Saat mereka mendorong tubuhku pun, aku hanya diam dan menunduk. Padahal aku tahu kalau mereka sudah sedikit menyimpang dari peraturan yang menyebutkan bahwa tidak boleh ada kekerasan fisik. Bahkan, saat aku disiram dengan air sirup, aku tetap tersenyum (meski akhirnya senyumku semakin membuat mereka menjadi-jadi).
“Dik, bangun jam berapa? Rambutnya kayak mau manggung aja. Kalau hanya mau cari pacar, kuliah aja di X—salah satu kampus swasta. Di sana baru banyak cowok cakep.”
Pernyataan itu kembali membuatku hampir mati tersedak karena menelan biji buah kesabaran. Jelas-jelas kemarin kami diinstruksikan untuk mengikat rambut menjadi tujuh belas dan tidak boleh ada yang tergerai. Lalu, salahkah aku jika menguncir rambutku hingga mirip siput? Memang dasar sirik sama aku! Rambutku sepinggang, kalau tidak dikuncir begitu bisa-bisa habis karena dibinasakan kalian.

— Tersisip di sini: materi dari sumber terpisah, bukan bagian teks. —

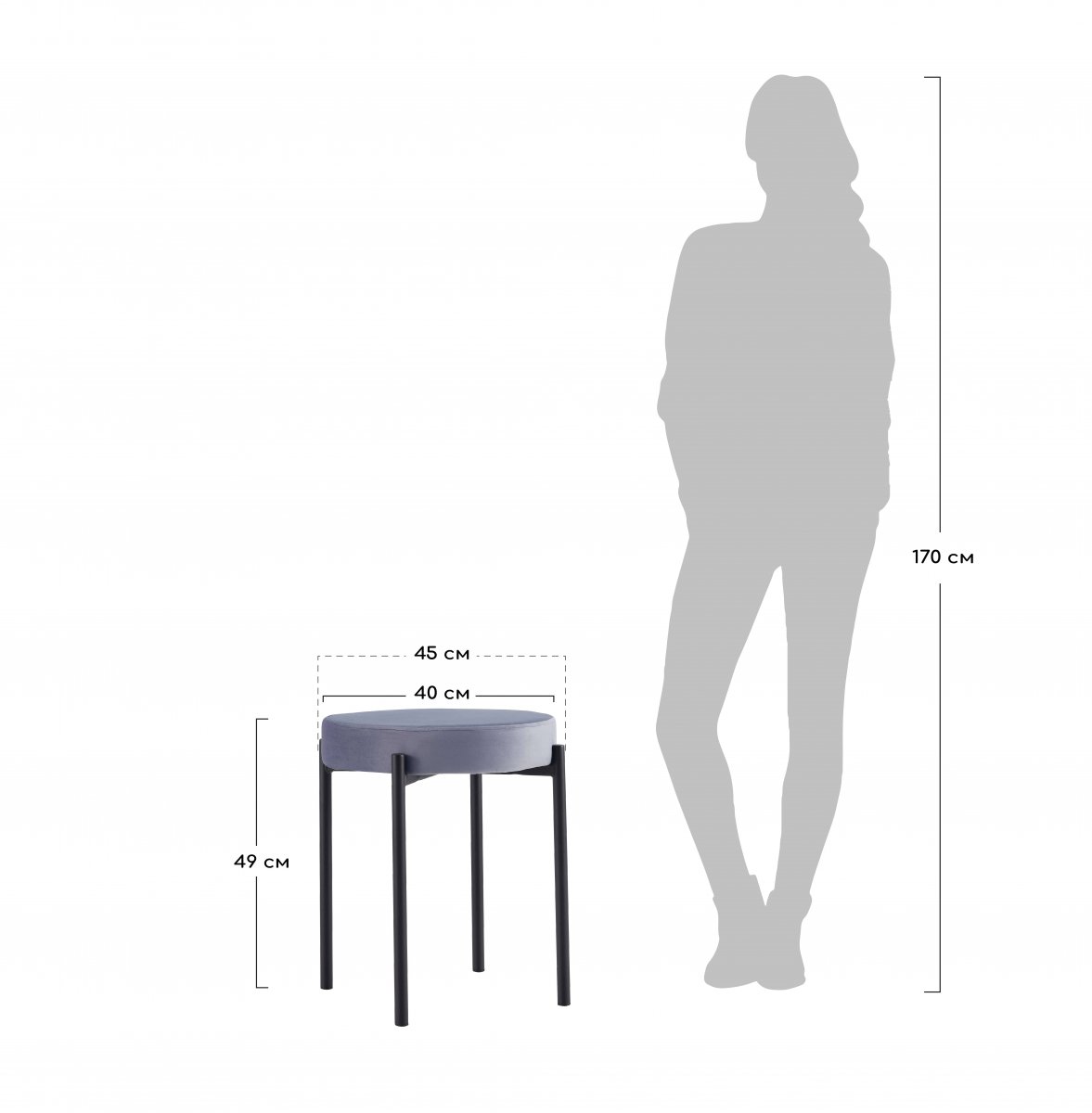 | Спецификация: | Материал: фанера, пенополиуретан, велюр Ножки из метала окрашены в черный матовый цвет. Металлическая труба размер: Ø22мм. Толщина: 1.1мм Плотность пенополиуретана в сиденье: 25 кг/м³ Размер: 45х45х49см Диаметр сиденья: 40см. Высота сиденья: 49см Вес: 2,8кг Максимальная нагрузка: 150кг Рекомендуется штабелировать не более 4 шт, во избежание повреждения обивки и наполнителя. Поставляется в разобранном виде. В комплекте идёт инструкция и комплект аксессуаров для сборки. |

Mengingat hari kemerdekaan, kami pun dipulangkan lebih cepat, yaitu sekitar pukul 15.00. Acara hari ini tidak terlalu menyakitkan, hanya mendengar ceramah tentang demam berdarah dari Dinas Kesehatan. Namun, bagi beberapa temanku hari ini melelahkan. Di antara mereka ada yang dipaksa memanjat pohon dan berkotek layaknya ayam, ada yang harus mengartikan Pancasila dalam bahasa daerah, ada pula yang diperintahkan menjadi bendera dan tiangnya. Bahkan, salah seorang temanku dari negeri jiran harus rela bulu dadanya dicukur. Aku hanya manusia biasa yang dibekali rasa. Melihat kelucuan ini, kadang aku juga ingin tertawa.
Saat masuk ke mobil, aku kembali disuguhi kekesalan lain akibat sirup merah tadi. Sirup tersebut tumpah dan membuat lengket seisi mobil. Ah, aku tidak tahu lagi harus berkata apa!
Untuk perlengkapan besok, kami diwajibkan membawa tumor kuning (jeruk kuning), cacing jantan yang diikat benang putih dan cacing betina yang diikat benang merah (untuk yang ini aku tidak mengerti karena jelas-jelas cacing adalah hermaprodit alias berkelamin ganda), sepasang kodok yang saling mencintai, tepung, pewarna, serta beberapa bahan lain.
Sialnya lagi, aku disuruh oleh seorang senior wanita untuk menulis surat cinta pada D lengkap dengan cap bibir dan foto. Bukan itu saja, kami juga diharuskan mendengar siaran salah satu radio swasta pada pukul 23.00 untuk mengetahui peralatan tambahan apa yang harus kami bawa besok.
Aku memang berniat untuk mendengar siaran radio yang dimaksud tetapi aku sudah tertidur sebelum jarum jam berdentang delapan kali, tepat setelah menyelesaikan segala perkara untuk Ospek besok. Ini semua akibat keterbatasan stamina.
Sabtu, 18 Agustus 2008
Aku terbangun pukul 03.30 dan mengira masih bisa mendengar siaran radio. Begitu sadar bahwa hari telah berganti, aku pun panik. Untunglah seorang teman berinisial H mendengar siaran tersebut. Katanya aku diwajibkan membawa sepasang lalat yang sedang kawin lari, menulis surat cinta untuk senior, serta beberapa poin lain yang tidak usah terlalu kurisaukan.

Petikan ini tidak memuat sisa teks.